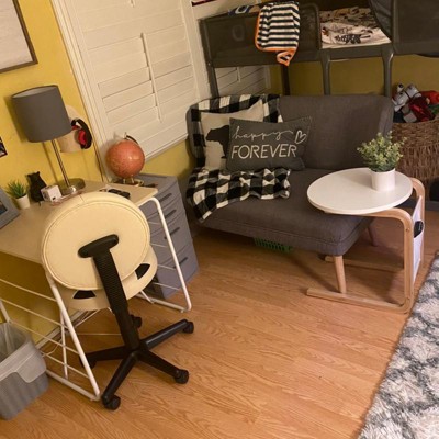 Very cute and comfortable and easy to put together! It looks great in my room and I’m planning to pair it with a cute furry grey ottoman :)
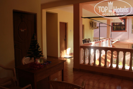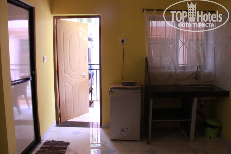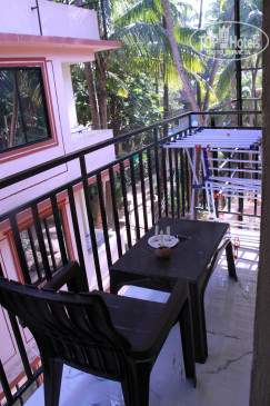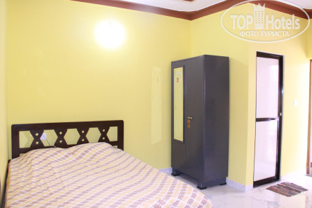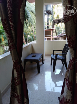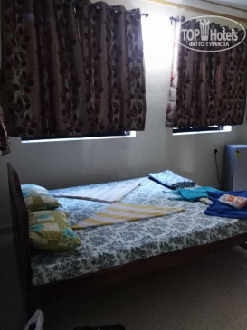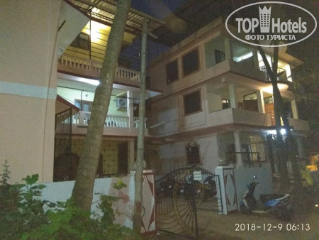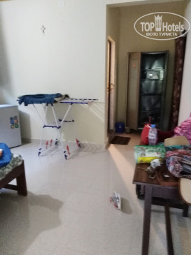 Недорогой отель. Завьраки, кофе , чай с тостом и джем)) чисто. Хороший упоавляющий. У него же был выгодный курс обмена баксов ( везде 69.5. Он менял по 70.) Это на 01.12.2018. Снять байк у него же стоит 300 рупий, сторговался несного дешевле. В номере порадовал железный шкаф и сейф в нем. Вообщем шкаф как сейф)). Запирается надежно. Небольшая кухонька была, холодильник с морозильничком. Все не замызганное новенькое. Кровать двух спалка комфортаная. Туалет душ все, отлично и чисто. Маленький балкончик и вид был на пальмы.. уютно. Кондиционера нет, но есть вентилятор потолочный. Пользовались очень редко, т.к. ночью свежо и хорошо. Контингент русский, а многие зимовщики встречались, которые купили тур, а потом уже искали себе жилье.
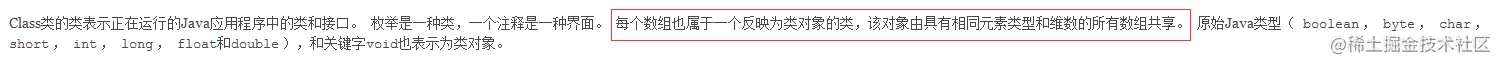 一样的,我们平时使用的数组是引用类型,也是个对象,但是它却没有类这个概念。那么数组的Class实例该如何获取呢?直接上图,本身我也是个java小白,自学过程中感觉图片更直接,并且更容易让人接受。
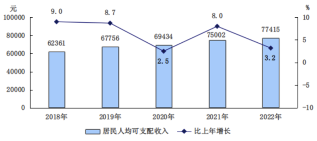 全年全市居民人均可支配收入為77415元,比上年增長3.2%,扣除價格因素,實(shí)際增長1.4%。
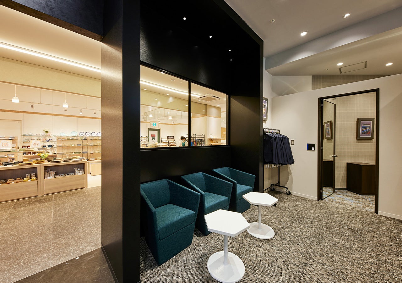 個室空間で快適にオーダーできるプライベートフィッティングルーム(無料/要予約)をご用意しております。
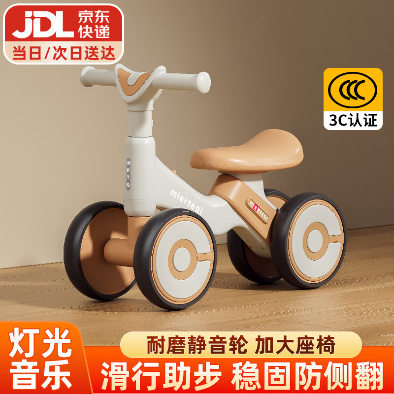贝趣儿童平衡车1-3岁宝宝滑行车玩具幼儿滑步车婴儿四轮无脚踏溜溜车 青咖 【灯光音乐+缓震静音轮】 一岁防侧翻滑滑车周岁生日礼物
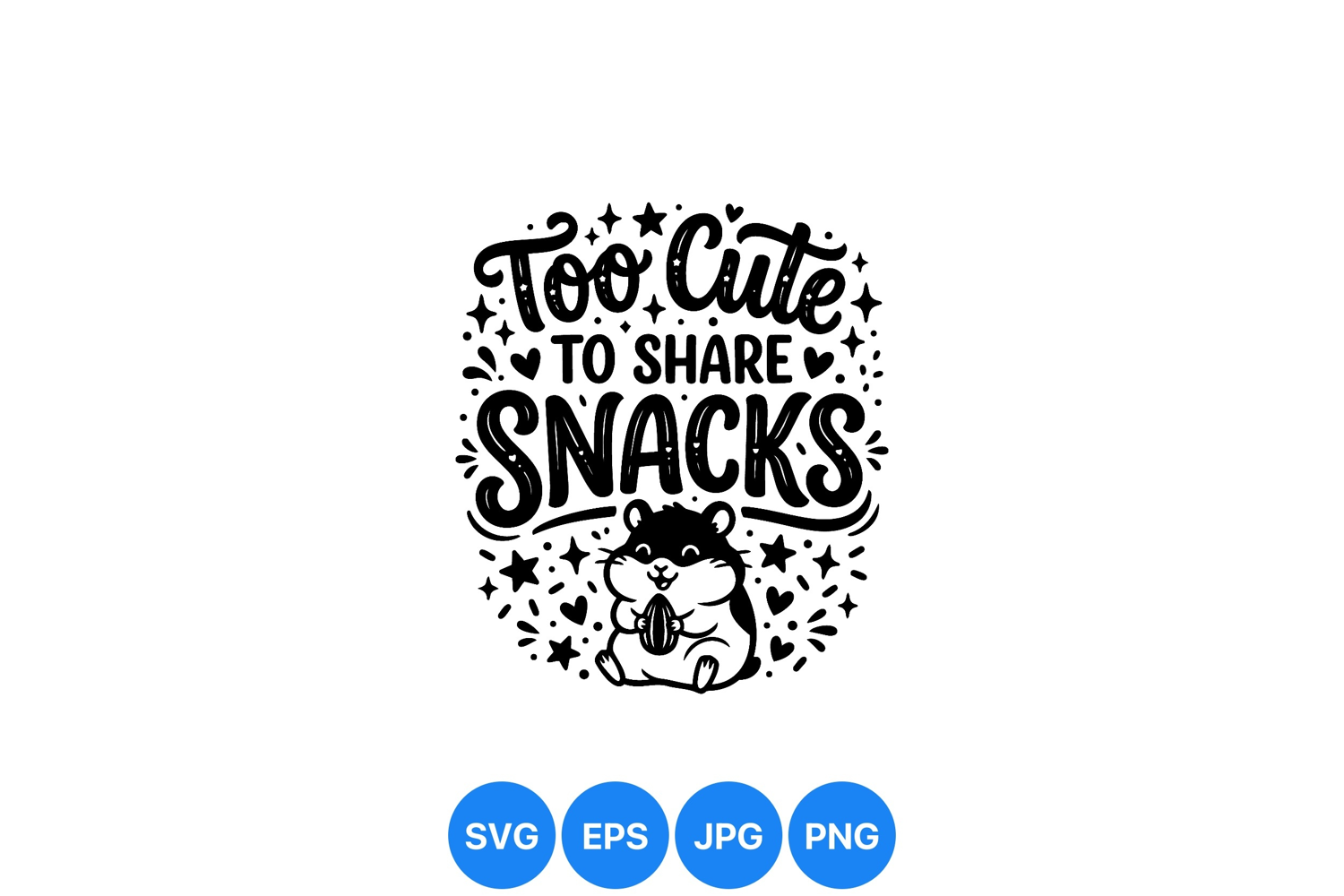 Playful black and white vector illustration featuring a cute hamster holding a seed with whimsical lettering saying too cute to share snacks framed by hearts stars and sparkles

» **Problem requirements**: Every record is to be reproduced exactly, with no pictures included.

» **Answer to this task**:
 Very cute and comfortable and easy to put together! It looks great in my room and I’m planning to pair it with a cute furry grey ottoman :)
 Недорогой отель. Завьраки, кофе , чай с тостом и джем)) чисто. Хороший упоавляющий. У него же был выгодный курс обмена баксов ( везде 69.5. Он менял по 70.) Это на 01.12.2018. Снять байк у него же стоит 300 рупий, сторговался несного дешевле. В номере порадовал железный шкаф и сейф в нем. Вообщем шкаф как сейф)). Запирается надежно. Небольшая кухонька была, холодильник с морозильничком. Все не замызганное новенькое. Кровать двух спалка комфортаная. Туалет душ все, отлично и чисто. Маленький балкончик и вид был на пальмы.. уютно. Кондиционера нет, но есть вентилятор потолочный. Пользовались очень редко, т.к. ночью свежо и хорошо. Контингент русский, а многие зимовщики встречались, которые купили тур, а потом уже искали себе жилье.
 一样的,我们平时使用的数组是引用类型,也是个对象,但是它却没有类这个概念。那么数组的Class实例该如何获取呢?直接上图,本身我也是个java小白,自学过程中感觉图片更直接,并且更容易让人接受。
 全年全市居民人均可支配收入為77415元,比上年增長3.2%,扣除價格因素,實(shí)際增長1.4%。
 個室空間で快適にオーダーできるプライベートフィッティングルーム(無料/要予約)をご用意しております。
贝趣儿童平衡车1-3岁宝宝滑行车玩具幼儿滑步车婴儿四轮无脚踏溜溜车 青咖 【灯光音乐+缓震静音轮】 一岁防侧翻滑滑车周岁生日礼物
 Playful black and white vector illustration featuring a cute hamster holding a seed with whimsical lettering saying too cute to share snacks framed by hearts stars and sparkles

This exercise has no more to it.